Task description: Could you print the stretch of lines below from the one with "Le savant équilibre" through the one with "Нежное кольцо из", exactly as they stand and without any pictures?

Information:
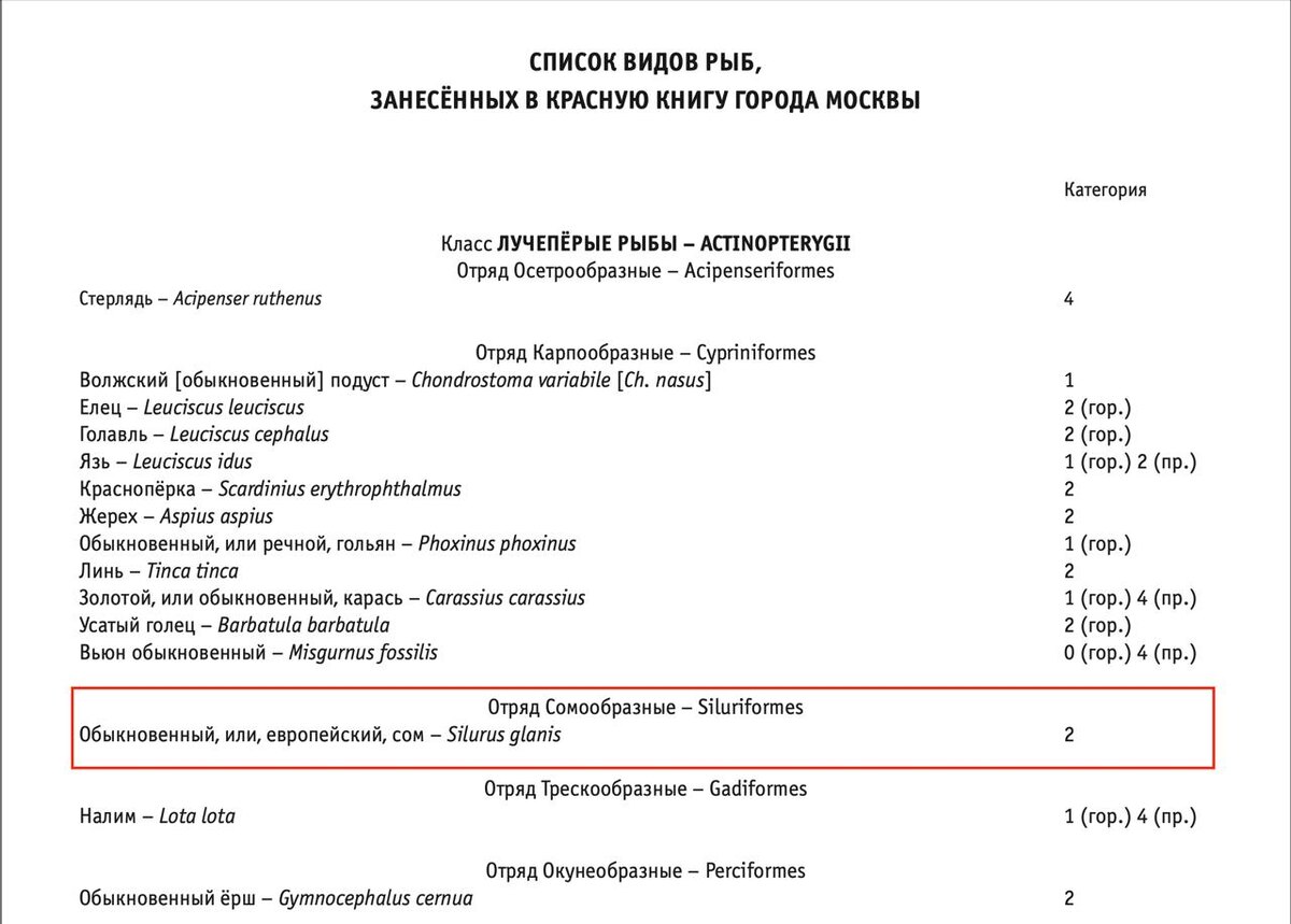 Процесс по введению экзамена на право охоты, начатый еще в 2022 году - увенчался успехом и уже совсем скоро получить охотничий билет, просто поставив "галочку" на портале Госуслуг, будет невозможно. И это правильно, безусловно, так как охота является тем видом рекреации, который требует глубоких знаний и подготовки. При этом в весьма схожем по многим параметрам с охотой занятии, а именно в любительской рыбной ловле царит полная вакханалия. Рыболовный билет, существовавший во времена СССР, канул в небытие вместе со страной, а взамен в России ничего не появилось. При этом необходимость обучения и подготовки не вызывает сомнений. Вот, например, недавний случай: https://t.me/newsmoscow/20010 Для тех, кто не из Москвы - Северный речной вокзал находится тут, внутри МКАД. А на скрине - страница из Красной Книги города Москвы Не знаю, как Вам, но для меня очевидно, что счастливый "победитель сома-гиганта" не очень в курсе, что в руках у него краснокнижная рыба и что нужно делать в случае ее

...

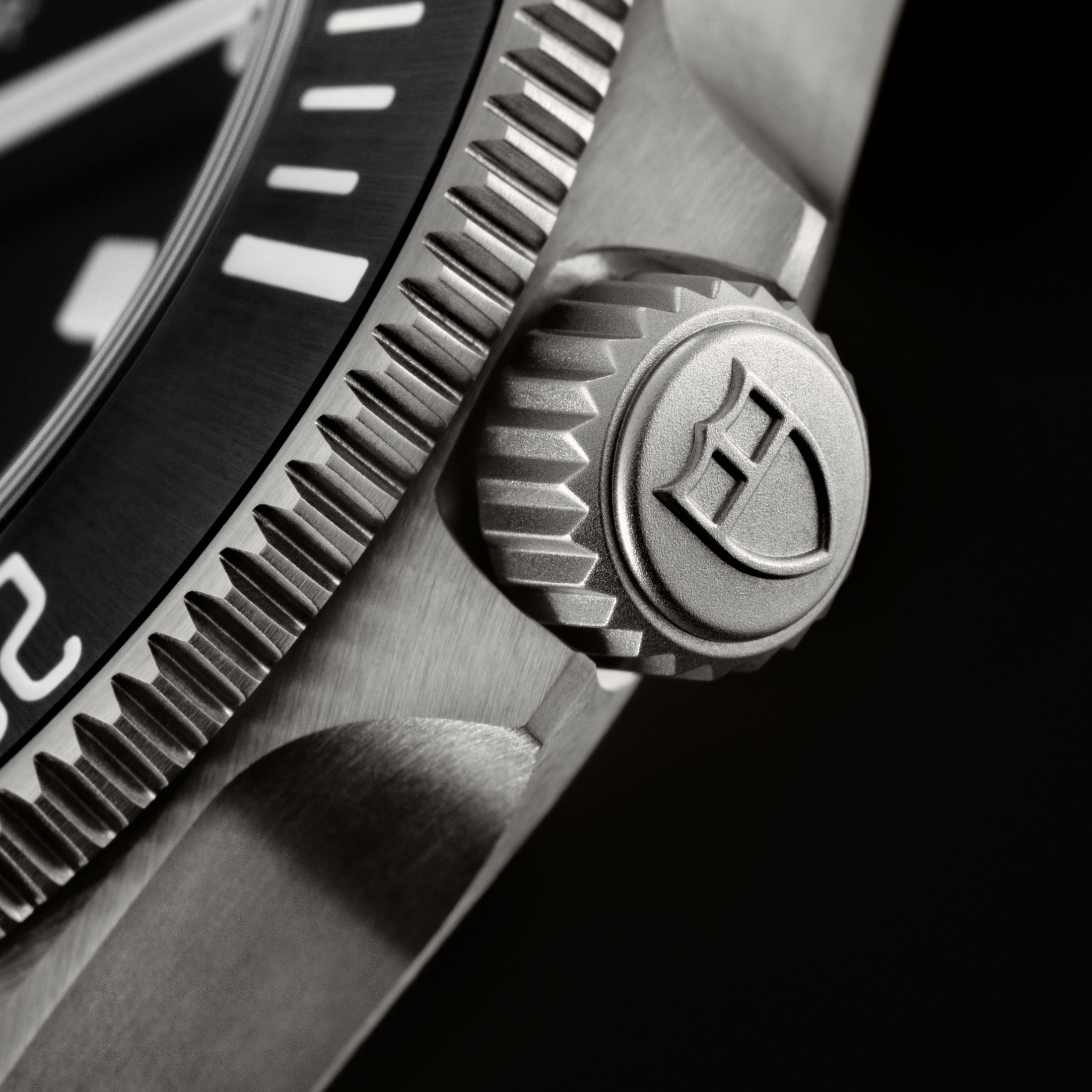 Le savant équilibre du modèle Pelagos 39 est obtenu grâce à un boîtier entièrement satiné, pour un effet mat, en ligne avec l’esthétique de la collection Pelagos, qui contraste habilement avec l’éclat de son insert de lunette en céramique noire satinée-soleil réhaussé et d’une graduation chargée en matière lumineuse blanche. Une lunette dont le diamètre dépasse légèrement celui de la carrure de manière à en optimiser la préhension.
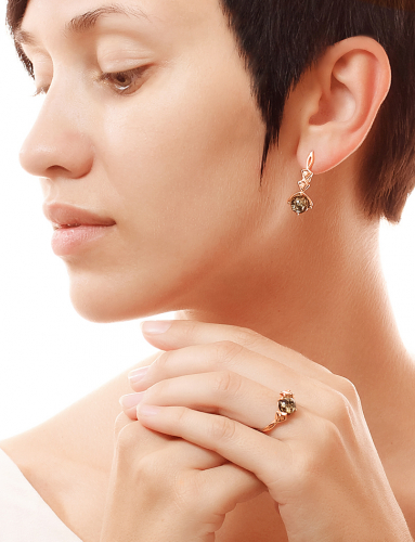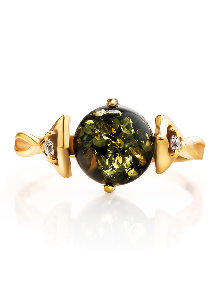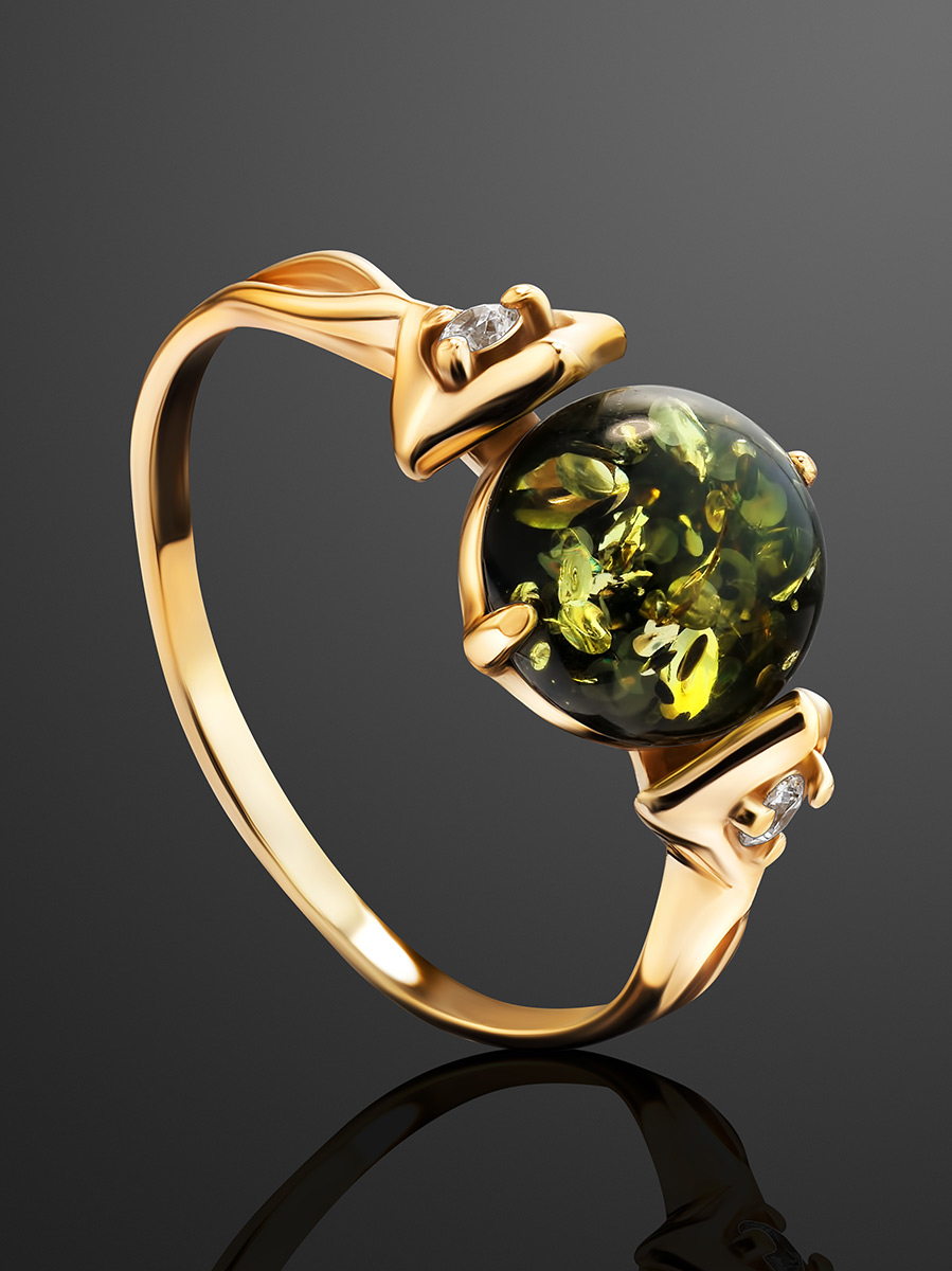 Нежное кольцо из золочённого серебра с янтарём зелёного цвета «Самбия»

Answer to the problem:
 Le savant équilibre du modèle Pelagos 39 est obtenu grâce à un boîtier entièrement satiné, pour un effet mat, en ligne avec l’esthétique de la collection Pelagos, qui contraste habilement avec l’éclat de son insert de lunette en céramique noire satinée-soleil réhaussé et d’une graduation chargée en matière lumineuse blanche. Une lunette dont le diamètre dépasse légèrement celui de la carrure de manière à en optimiser la préhension.
 Нежное кольцо из золочённого серебра с янтарём зелёного цвета «Самбия»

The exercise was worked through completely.